=== Section Start ===
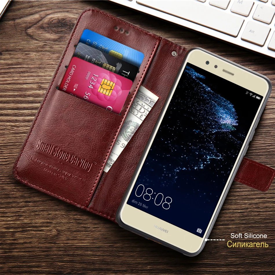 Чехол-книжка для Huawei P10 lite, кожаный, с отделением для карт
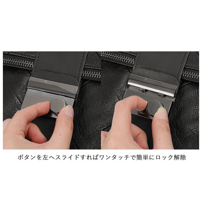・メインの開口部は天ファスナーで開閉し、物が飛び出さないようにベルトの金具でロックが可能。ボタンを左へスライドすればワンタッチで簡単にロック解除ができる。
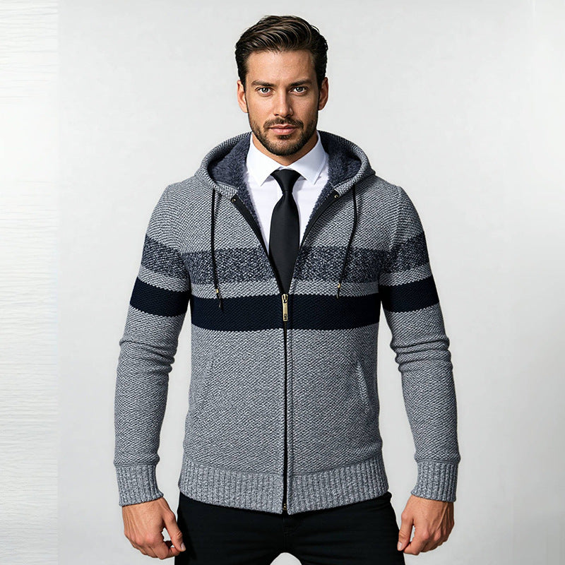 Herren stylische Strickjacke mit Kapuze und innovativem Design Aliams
=== Section End ===
=== Section Start ===
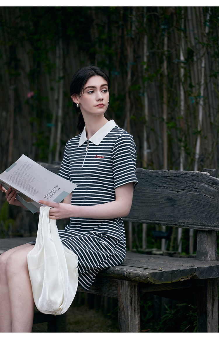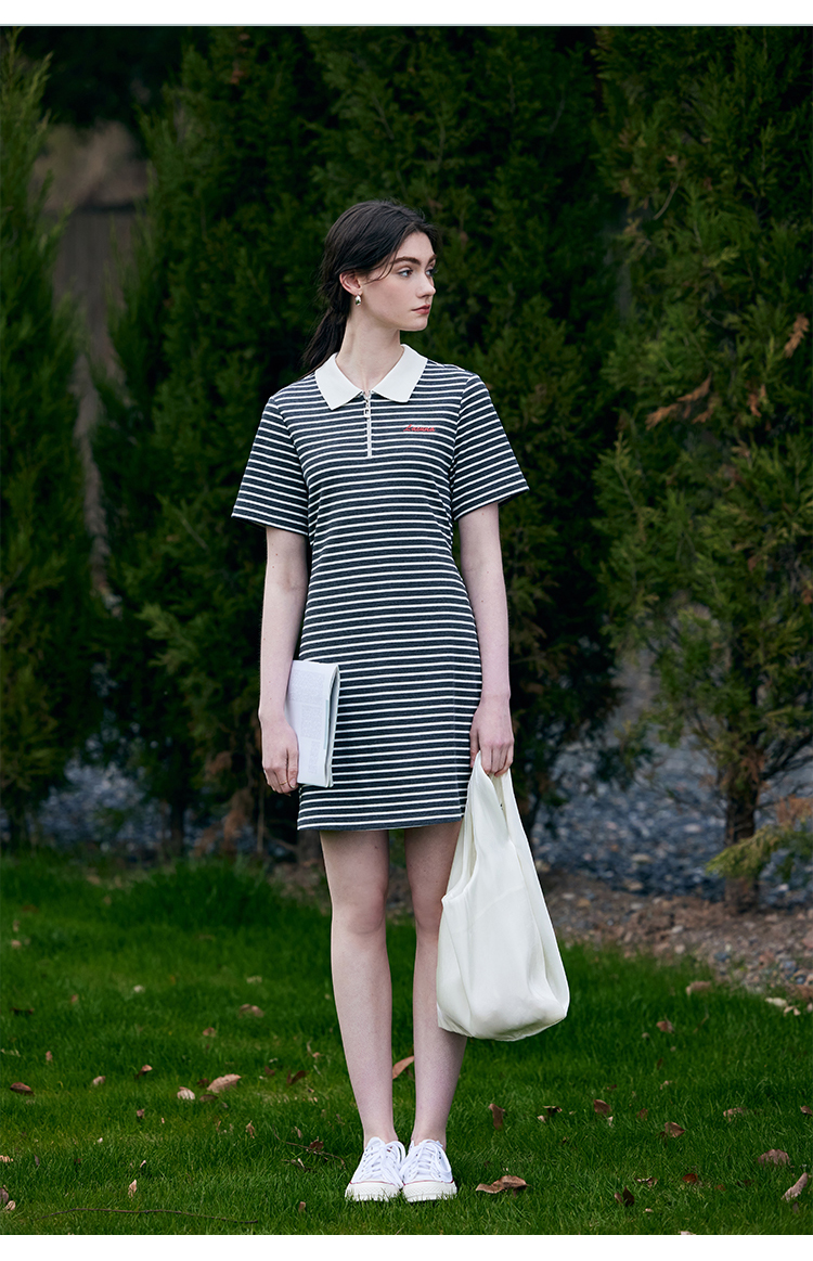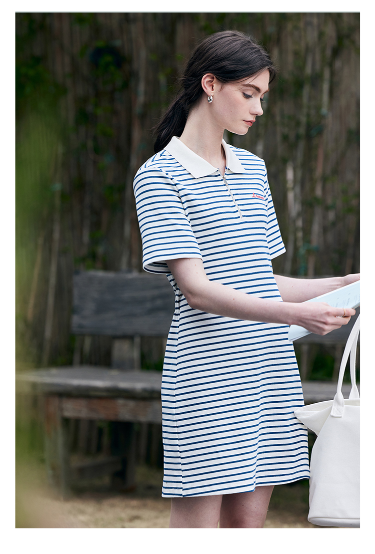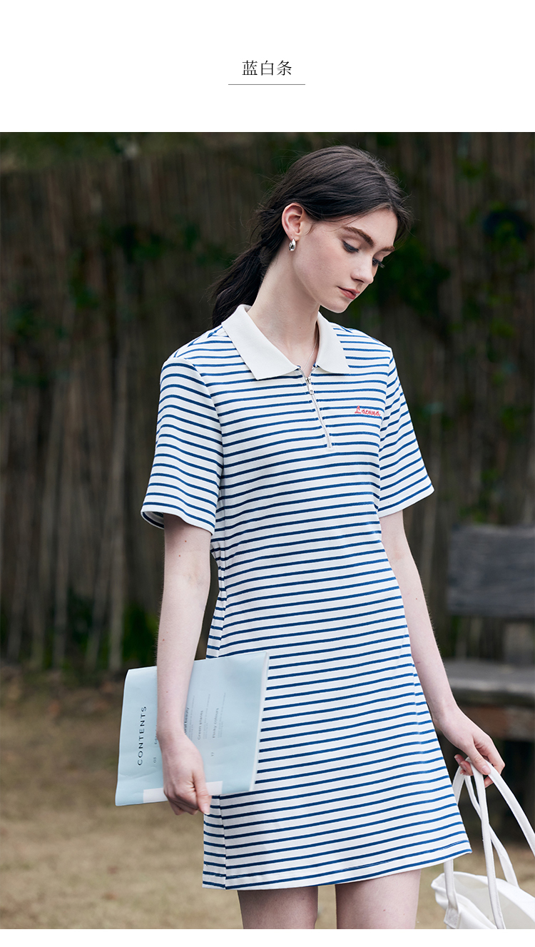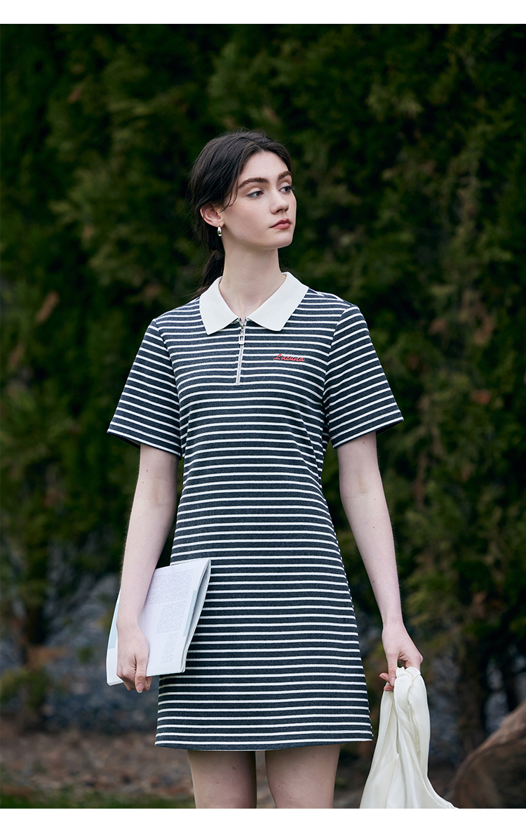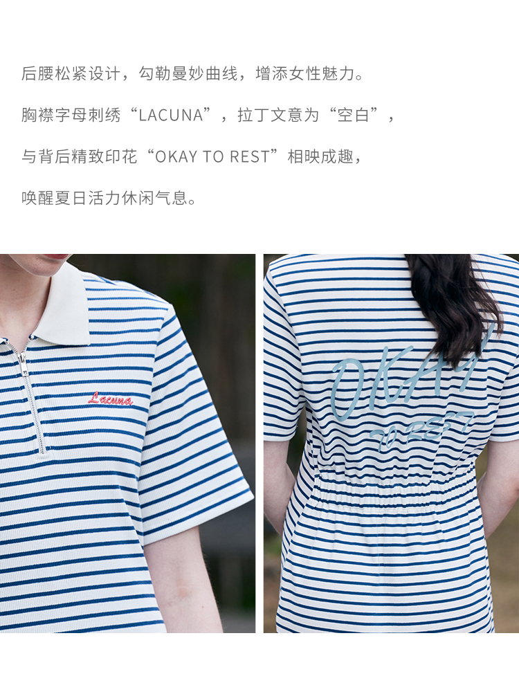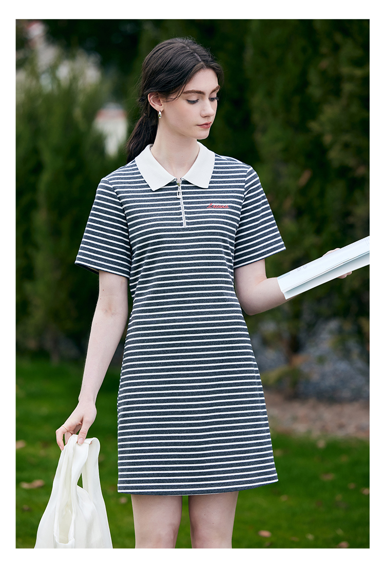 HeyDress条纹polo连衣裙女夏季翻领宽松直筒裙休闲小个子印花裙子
=== Section End ===
=== Section Start ===
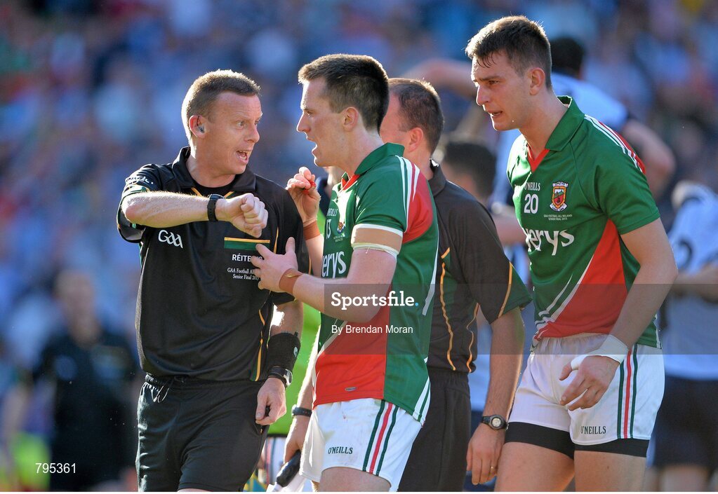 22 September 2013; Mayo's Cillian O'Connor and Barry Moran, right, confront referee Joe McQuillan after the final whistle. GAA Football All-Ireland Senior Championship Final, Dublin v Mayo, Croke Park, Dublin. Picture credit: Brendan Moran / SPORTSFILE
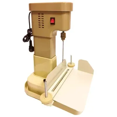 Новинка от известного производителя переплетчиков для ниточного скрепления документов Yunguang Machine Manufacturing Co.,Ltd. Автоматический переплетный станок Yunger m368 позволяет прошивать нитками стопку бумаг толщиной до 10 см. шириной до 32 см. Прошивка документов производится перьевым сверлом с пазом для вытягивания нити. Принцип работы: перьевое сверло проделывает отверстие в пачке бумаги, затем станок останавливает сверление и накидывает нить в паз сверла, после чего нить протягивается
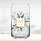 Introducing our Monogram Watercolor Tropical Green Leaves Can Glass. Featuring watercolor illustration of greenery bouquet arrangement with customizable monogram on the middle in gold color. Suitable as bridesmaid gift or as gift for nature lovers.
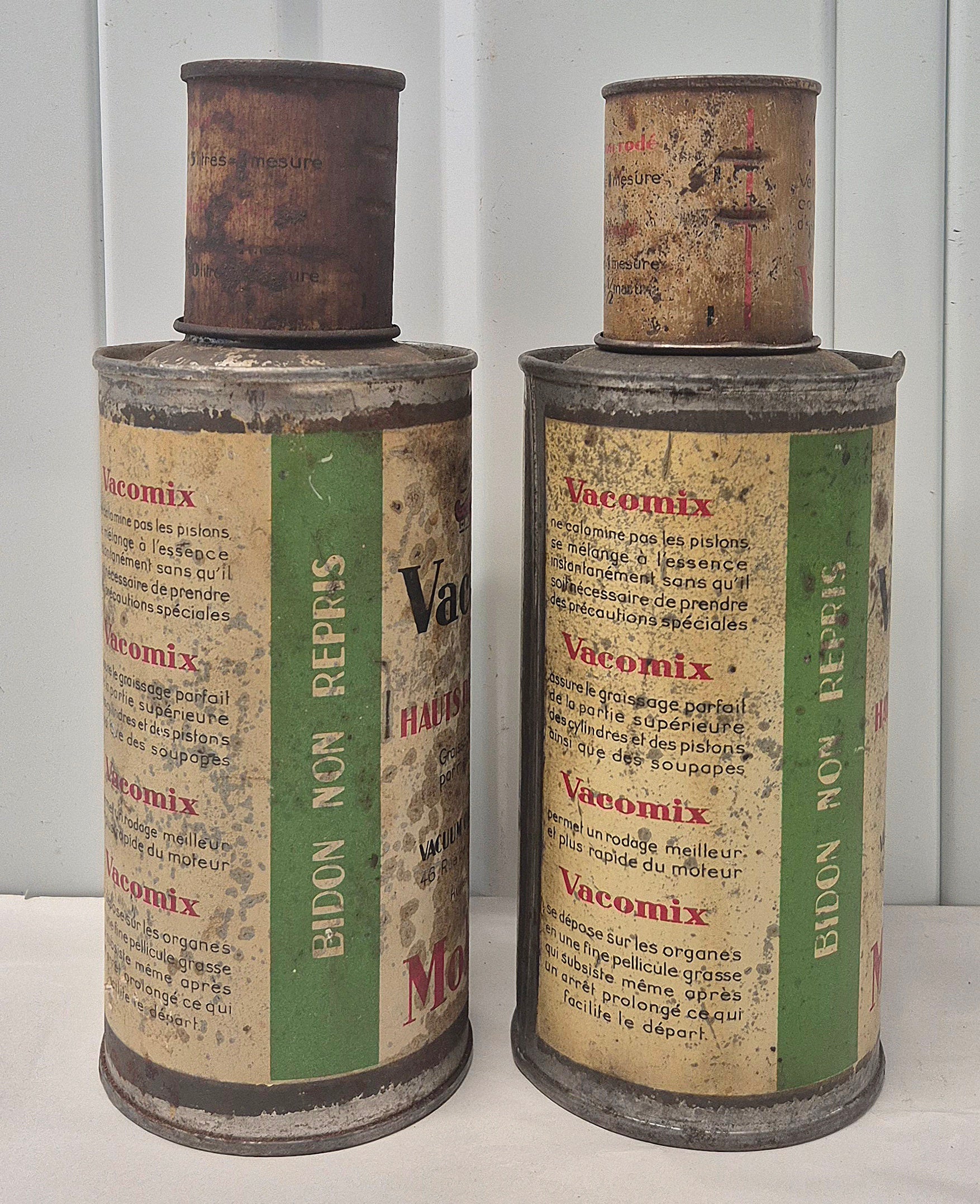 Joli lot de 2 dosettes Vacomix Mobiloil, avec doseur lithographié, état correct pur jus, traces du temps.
=== Section End ===
DESCRIPTION OF THE TASK => What should come back is an exact copy of the lines above from the line with "Introducing our Monogram" to the line with "Joli lot de", both included, minus the pictures.

OUTPUT FOR THIS TASK =>
 Introducing our Monogram Watercolor Tropical Green Leaves Can Glass. Featuring watercolor illustration of greenery bouquet arrangement with customizable monogram on the middle in gold color. Suitable as bridesmaid gift or as gift for nature lovers.
 Joli lot de 2 dosettes Vacomix Mobiloil, avec doseur lithographié, état correct pur jus, traces du temps.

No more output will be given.